The Future of Data Retention: Storage “within the European Union”
The European Court of Justice's judgment marks the culmination - but probably not the end - of a long-standing legal battle relating to a highly controversial piece of EU legislation.
Providers of public communications services and public
communications networks will remain subject to national data retention obligations as long as the relevant national laws are not invalidated at Member State level. It is likely that the European Commission will renew its efforts to establish a legal framework harmonizing the Member States' provisions concerning the retention of data for the purpose of the investigation, detection, and prosecution of serious crime taking into the account the detailed considerations of proportionality spelled out by the ECJ. It is to be expected that, in the future, new (and “improved”) data retention obligations under EU law will be established, requiring telecommunications companies to retain data, subject to strict security requirements, in data storage facilities "within the European Union". These data centers must be subject to "control", carried out on the basis of EU law, by "an independent authority."
Whether the European Commission will opt for the harmonization of European data retention rules on the basis of another directive or for use the legal instrument of a “regulation”, is currently an open question. In view of the required lengthy time period for the transposition of a directive into national law and the likely result of a patchwork of national rules, it is not inconceivable that the European Commission will opt for a data retention Regulation, which would have direct legal effect in all EU Member States and not require time consuming transposition into national law.

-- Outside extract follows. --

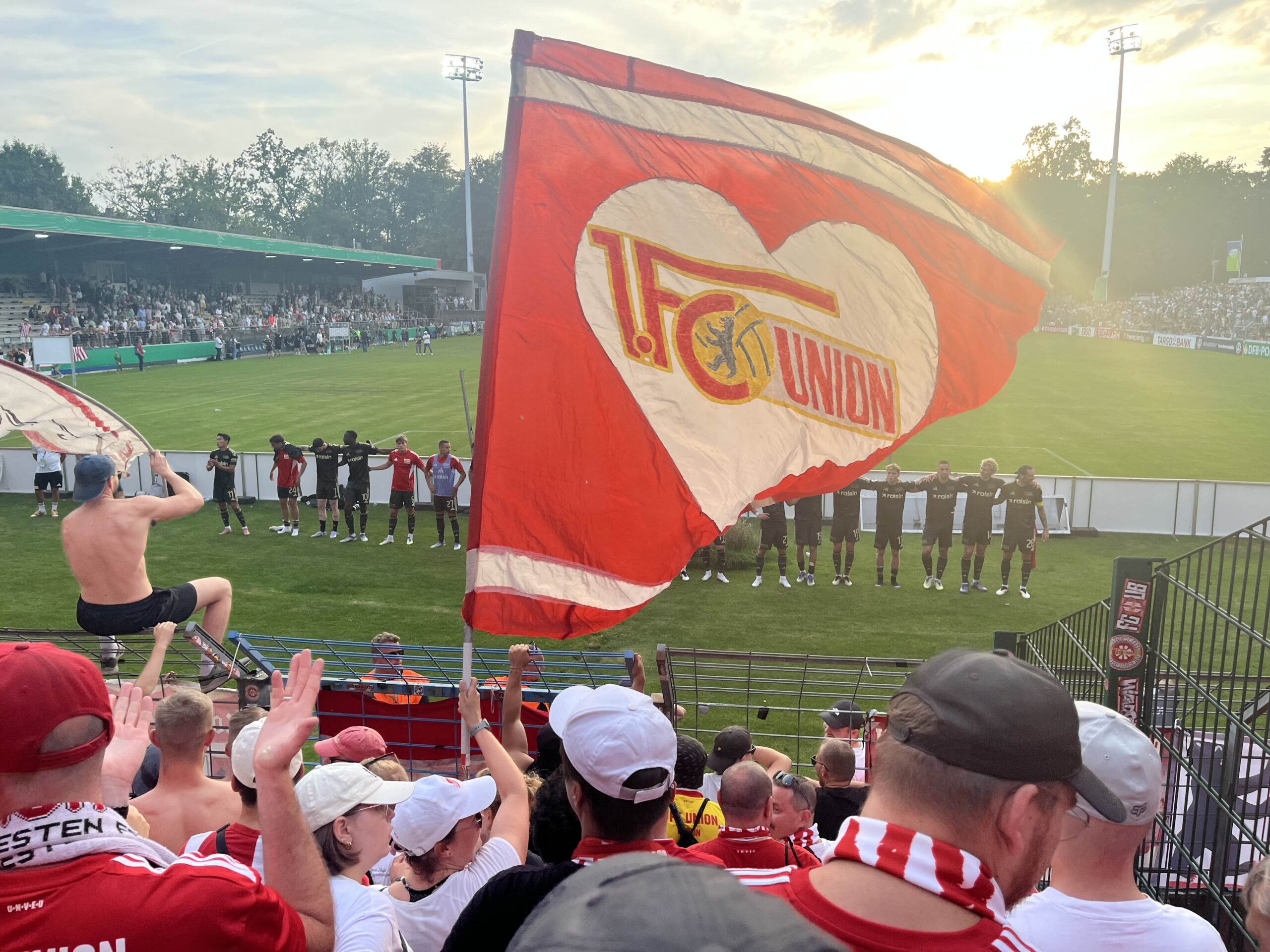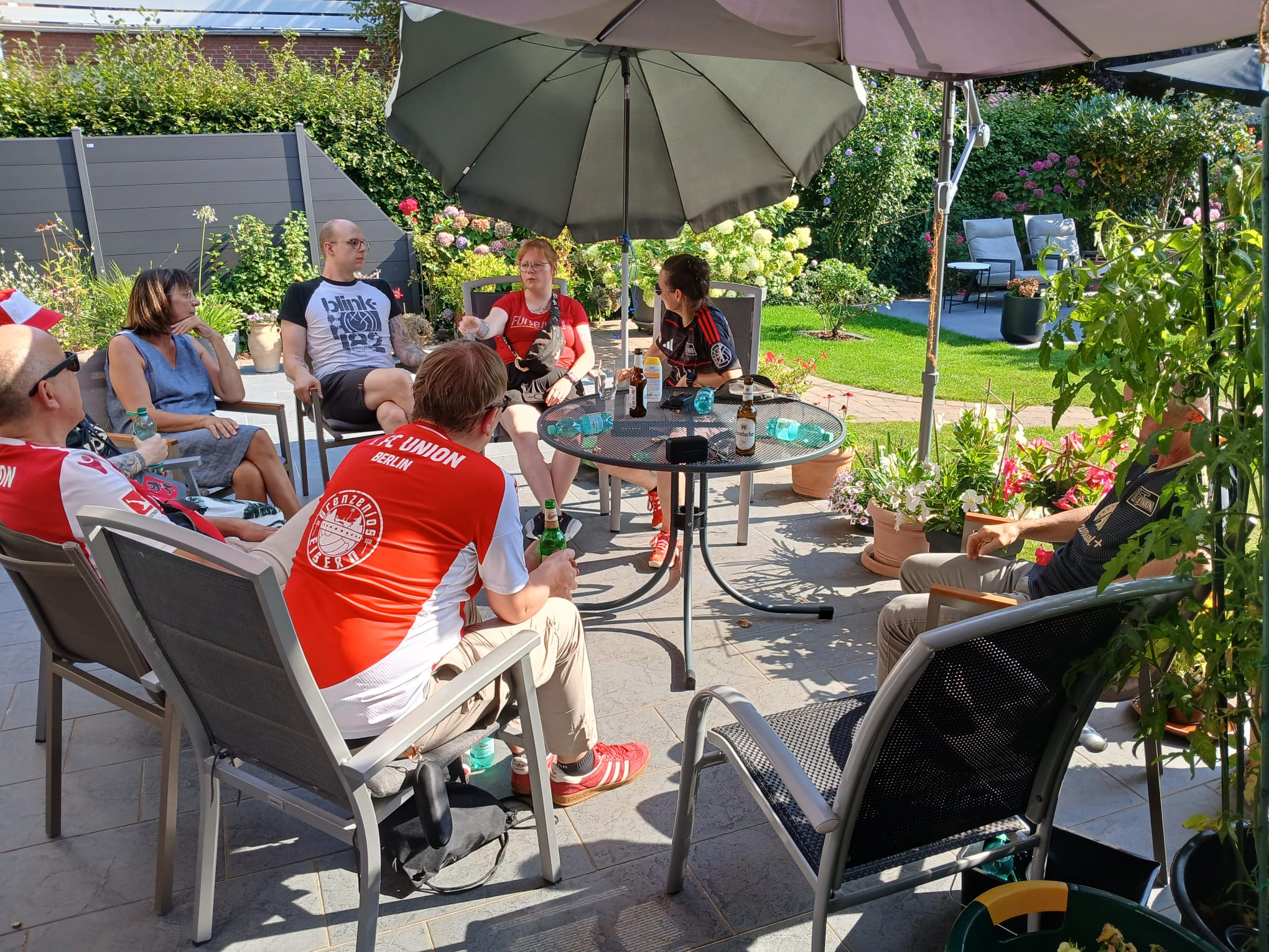 Wir haben gelernt, dass Matheo Raab ein solider Ersatz für Freddie sein kann. Auch wenn ich persönlich Unions Einkaufspolitik bei Torhütern nicht richtig nachvollziehen kann, verstehe ich, warum es Matheo geworden ist. Nach dem Bedanken bei der Mannschaft für das Spiel, das ein wenig Sorgen nimmt, gehen wir zurück zu P. und M., die uns mit Glückwünschen und Getränken erwarten. In der lauen Kühle des Sommerabends sitzen wir auf der Terrasse. Die schnelle Abfahrt nach Berlin verschieben wir auf später. Nachbarn winken, ebenfalls gratulierend, über den Gartenzaun.

1 Judgment of the Court (Grand Chamber) 8 April 2014, Digital Rights Ireland, Joined Cases C-293/12, C-594/12 http://eur-lex.europa.eu/legal-content/EN/TXT/?uri=CELEX:62012CJ0293&qid=1397489170026
2 Directive 2006/24/EC of the European Parliament and of the Council of 15 March 2006 on the retention of data generated or processed in connection with the provision of publicly available electronic communications services or of public communications networks and amending Directive 2002/58/EC, OJ 2006L105, p. 54.
3 ECJ, Case C-614/10, Commission v. Austria, EU: C 2012: 631, para. 37.